阮小弟就这么叽叽喳喳地跟着阮娇和裴止珩的身后一起进了屋,阮秀才站在门口,看到他们两个一身一头的雪,连忙喊王氏。
“孩子他妈,你快掸子给他俩拂拂雪,不然一会儿都湿透了。”
王氏是个很爽利的女人,并没有因为阮娇是阮秀才前头的妻子生的怎么样,但是她就是有个毛病,刀子嘴豆腐心,嘴巴不好。
她快步去拿了掸子过来,语气还不太好的念叨:“回来也不提前挑好日子,告诉家里一声,你说你们这么突然过来,连点准备都没有,还下着这么大的雪。”
她把掸子塞到阮娇手里,“你们俩赶紧扫扫雪,我去给你们煮碗姜汤。

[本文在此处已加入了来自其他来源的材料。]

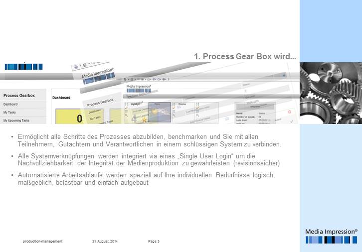 Nur gemeinsam ist es möglich, schonend und effizient den Weg in die neue Zukunft zu gehen ohne alles in Frage zu stellen, mit der Process Gear Box ist dies möglich.

”
说完也没等阮娇回应,就脚步急匆匆地快步走了出去,去灶上了。
阮秀才是个有些古板的人,哪怕看见女儿很欢喜,但还是板着脸,“怎么这个时候回来了?不过年不过节的,就算是女婿人好,你也不能这么任性,出嫁了你就是裴家的人了,老往娘家跑让人看见了,还以为你怎么了!”
裴止珩勾唇笑了一下,举起手恭敬地给阮秀才一揖首,“老师,娇娘这么长时间没回来了,正好我从县学回来,我娘便让我带她回来看看你们,只是没想到外面会突然下了大雪。”
阮秀才听到裴止珩都这么说了,也就没再说什么了,眼底并没有他想象中的那么平静,嘴角也微不可察的勾了一下。
“亲家母有心了,不过娇娘嫁给你,就是你家的人了,哪有老回娘家的说头,她被我养的任性,你和你娘也别惯着。”
王氏端着两碗热腾腾的红糖姜水进来,递给阮娇和裴止珩,刚好听见阮秀才在那扫兴的长篇大论,顿时翻了个白眼。
“别理你爹,明明高兴的要命,就是嘴巴不承认,比那锯嘴的葫芦还要紧,前几天还站在村口朝着你们村子的方向瞧呢,好像他那眼睛能穿过大山看到你家似的。”
阮娇没忍住笑得不行,从裴止珩身后的竹篓里拿出了裴母准备的干花生鸡蛋还有那半斤肉。
“我婆婆让送来的,家里也没什么好东西,我昨天刚买的肉,我婆婆都不让碰,非得让我给你们送来!”
王氏眼里顿时露出了满意的笑容,嘴上却道:“不过年不过节的,你们回来一趟,送这么重的东西干什么?等你们走的时候,我都不知道还什么礼!”
裴止珩在外面和阮秀才寒暄,阮娇则去了原主出嫁前的房间。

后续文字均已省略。